• TASK ITEM:
Repeat, exactly as written, the lines of the records below from the first through the line with "清明时节,草木萌动,正是亲近", but none past it.

• SOURCE RECORDS:
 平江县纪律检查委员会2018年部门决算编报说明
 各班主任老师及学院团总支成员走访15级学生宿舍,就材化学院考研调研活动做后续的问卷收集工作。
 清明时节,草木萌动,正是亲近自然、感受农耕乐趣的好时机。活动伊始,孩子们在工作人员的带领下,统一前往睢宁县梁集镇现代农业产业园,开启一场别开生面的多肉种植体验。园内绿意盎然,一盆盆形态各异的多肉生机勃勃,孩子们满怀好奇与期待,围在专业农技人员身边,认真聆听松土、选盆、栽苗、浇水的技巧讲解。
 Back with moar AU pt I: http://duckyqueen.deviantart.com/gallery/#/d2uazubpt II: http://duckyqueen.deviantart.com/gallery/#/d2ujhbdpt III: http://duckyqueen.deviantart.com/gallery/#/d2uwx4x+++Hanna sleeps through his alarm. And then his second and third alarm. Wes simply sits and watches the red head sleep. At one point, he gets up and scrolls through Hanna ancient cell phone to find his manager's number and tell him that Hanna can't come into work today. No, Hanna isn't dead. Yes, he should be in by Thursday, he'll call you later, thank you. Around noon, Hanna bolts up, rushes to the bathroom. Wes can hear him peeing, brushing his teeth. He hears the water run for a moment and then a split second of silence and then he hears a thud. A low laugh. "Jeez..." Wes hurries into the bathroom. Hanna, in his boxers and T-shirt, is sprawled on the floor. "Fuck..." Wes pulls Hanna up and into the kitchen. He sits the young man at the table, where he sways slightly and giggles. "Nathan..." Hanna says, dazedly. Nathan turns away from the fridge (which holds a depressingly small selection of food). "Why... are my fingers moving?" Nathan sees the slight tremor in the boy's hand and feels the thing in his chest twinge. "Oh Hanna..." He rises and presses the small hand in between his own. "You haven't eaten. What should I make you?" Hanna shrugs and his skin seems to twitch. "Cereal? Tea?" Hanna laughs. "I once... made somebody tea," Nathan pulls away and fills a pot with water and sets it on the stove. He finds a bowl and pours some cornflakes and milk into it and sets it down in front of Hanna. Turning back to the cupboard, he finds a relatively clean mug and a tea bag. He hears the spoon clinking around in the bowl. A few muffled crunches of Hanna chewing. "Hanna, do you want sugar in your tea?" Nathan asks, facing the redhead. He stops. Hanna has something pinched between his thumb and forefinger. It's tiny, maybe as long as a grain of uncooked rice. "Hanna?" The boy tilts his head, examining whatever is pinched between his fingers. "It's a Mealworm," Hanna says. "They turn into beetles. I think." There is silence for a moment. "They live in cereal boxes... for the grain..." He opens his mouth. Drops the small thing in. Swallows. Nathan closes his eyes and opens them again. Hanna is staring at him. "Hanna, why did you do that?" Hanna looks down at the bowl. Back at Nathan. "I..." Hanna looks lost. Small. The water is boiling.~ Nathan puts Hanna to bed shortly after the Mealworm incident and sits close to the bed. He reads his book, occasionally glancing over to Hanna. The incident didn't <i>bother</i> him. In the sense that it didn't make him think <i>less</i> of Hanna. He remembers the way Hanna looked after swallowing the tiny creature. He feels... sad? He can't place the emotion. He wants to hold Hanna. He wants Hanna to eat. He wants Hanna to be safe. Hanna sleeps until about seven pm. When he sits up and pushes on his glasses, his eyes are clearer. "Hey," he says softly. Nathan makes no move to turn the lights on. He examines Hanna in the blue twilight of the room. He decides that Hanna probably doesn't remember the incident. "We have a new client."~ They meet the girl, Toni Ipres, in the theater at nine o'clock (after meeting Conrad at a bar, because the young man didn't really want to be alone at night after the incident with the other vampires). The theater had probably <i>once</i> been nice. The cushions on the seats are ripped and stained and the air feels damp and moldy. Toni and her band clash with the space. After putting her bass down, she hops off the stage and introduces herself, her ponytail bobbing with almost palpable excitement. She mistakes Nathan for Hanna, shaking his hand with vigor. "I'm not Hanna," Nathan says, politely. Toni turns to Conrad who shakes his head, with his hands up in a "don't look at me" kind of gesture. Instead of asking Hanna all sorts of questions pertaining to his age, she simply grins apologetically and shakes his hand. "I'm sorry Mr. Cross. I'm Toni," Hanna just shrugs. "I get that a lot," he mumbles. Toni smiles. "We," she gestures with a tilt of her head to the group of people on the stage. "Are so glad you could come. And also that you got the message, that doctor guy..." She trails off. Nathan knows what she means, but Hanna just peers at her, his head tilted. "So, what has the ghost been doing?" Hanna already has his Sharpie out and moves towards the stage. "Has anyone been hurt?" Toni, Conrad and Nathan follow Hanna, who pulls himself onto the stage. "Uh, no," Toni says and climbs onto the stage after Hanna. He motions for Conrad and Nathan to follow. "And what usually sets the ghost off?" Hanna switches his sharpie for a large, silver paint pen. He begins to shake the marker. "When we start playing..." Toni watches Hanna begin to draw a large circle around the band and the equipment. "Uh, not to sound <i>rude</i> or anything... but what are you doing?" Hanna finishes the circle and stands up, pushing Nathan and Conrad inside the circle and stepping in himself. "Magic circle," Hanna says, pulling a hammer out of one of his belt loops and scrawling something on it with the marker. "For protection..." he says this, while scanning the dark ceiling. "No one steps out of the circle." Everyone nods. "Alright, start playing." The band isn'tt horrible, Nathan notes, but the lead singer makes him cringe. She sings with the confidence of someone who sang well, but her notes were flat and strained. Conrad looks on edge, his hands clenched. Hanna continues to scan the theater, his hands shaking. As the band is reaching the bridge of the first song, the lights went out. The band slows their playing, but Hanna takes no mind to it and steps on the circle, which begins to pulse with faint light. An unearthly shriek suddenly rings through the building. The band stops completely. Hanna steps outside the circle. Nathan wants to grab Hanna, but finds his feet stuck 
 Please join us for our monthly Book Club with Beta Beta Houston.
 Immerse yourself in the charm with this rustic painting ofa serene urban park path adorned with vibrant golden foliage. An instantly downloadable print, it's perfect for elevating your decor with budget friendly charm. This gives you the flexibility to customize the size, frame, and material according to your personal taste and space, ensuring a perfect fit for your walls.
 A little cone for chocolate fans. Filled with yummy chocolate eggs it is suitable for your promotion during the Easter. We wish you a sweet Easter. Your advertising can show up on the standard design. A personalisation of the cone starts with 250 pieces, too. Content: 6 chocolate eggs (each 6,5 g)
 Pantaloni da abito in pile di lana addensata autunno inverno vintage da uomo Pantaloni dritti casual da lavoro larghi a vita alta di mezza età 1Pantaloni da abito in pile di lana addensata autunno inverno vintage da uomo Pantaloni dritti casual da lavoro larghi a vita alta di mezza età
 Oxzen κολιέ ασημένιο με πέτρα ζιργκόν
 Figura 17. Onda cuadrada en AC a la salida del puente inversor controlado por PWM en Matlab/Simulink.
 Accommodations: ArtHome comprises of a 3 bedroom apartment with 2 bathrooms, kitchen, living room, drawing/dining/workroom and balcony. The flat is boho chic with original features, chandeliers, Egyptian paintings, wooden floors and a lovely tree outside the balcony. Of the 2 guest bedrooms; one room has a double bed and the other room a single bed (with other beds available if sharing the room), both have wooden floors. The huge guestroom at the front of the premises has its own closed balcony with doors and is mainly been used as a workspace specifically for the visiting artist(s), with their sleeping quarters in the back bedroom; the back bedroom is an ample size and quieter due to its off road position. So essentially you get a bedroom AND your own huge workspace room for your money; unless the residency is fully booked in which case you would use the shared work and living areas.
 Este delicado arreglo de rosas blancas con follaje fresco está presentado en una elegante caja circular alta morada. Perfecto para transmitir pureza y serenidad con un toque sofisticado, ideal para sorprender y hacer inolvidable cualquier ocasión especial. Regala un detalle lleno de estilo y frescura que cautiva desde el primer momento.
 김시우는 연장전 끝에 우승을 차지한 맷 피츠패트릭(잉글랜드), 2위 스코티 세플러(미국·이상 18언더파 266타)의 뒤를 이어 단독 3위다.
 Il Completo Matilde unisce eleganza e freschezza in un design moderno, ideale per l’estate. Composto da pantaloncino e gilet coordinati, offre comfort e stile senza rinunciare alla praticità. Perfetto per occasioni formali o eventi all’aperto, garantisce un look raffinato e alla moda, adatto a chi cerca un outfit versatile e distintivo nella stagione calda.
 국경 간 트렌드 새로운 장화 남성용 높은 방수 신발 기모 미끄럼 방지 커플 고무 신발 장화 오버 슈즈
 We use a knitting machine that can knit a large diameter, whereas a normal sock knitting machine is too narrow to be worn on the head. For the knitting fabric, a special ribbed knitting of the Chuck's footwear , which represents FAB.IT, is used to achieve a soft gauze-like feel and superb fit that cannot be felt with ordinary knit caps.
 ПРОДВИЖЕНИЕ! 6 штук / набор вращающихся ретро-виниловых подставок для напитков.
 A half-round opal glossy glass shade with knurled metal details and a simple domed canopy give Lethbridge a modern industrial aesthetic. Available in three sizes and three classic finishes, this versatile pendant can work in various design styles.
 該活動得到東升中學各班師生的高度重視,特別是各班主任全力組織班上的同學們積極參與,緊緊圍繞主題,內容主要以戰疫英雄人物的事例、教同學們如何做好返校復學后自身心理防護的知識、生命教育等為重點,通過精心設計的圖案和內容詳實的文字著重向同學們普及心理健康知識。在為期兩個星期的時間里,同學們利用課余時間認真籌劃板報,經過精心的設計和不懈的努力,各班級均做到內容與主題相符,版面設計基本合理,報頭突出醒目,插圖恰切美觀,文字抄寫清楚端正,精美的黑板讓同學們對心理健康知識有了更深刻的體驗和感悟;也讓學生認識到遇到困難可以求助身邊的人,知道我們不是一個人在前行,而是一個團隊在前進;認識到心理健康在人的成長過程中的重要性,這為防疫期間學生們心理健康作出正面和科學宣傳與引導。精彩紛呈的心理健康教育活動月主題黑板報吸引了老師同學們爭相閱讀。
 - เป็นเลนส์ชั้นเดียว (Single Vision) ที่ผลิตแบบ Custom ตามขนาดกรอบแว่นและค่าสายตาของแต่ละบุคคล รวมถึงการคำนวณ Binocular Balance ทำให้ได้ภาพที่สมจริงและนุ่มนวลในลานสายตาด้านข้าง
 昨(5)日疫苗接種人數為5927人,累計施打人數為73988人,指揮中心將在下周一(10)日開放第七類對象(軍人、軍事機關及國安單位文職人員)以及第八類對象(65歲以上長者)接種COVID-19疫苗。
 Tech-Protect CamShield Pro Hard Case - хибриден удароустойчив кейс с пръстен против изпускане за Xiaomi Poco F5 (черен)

• EXERCISE RESPONSE:
 平江县纪律检查委员会2018年部门决算编报说明
 各班主任老师及学院团总支成员走访15级学生宿舍,就材化学院考研调研活动做后续的问卷收集工作。
 清明时节,草木萌动,正是亲近自然、感受农耕乐趣的好时机。活动伊始,孩子们在工作人员的带领下,统一前往睢宁县梁集镇现代农业产业园,开启一场别开生面的多肉种植体验。园内绿意盎然,一盆盆形态各异的多肉生机勃勃,孩子们满怀好奇与期待,围在专业农技人员身边,认真聆听松土、选盆、栽苗、浇水的技巧讲解。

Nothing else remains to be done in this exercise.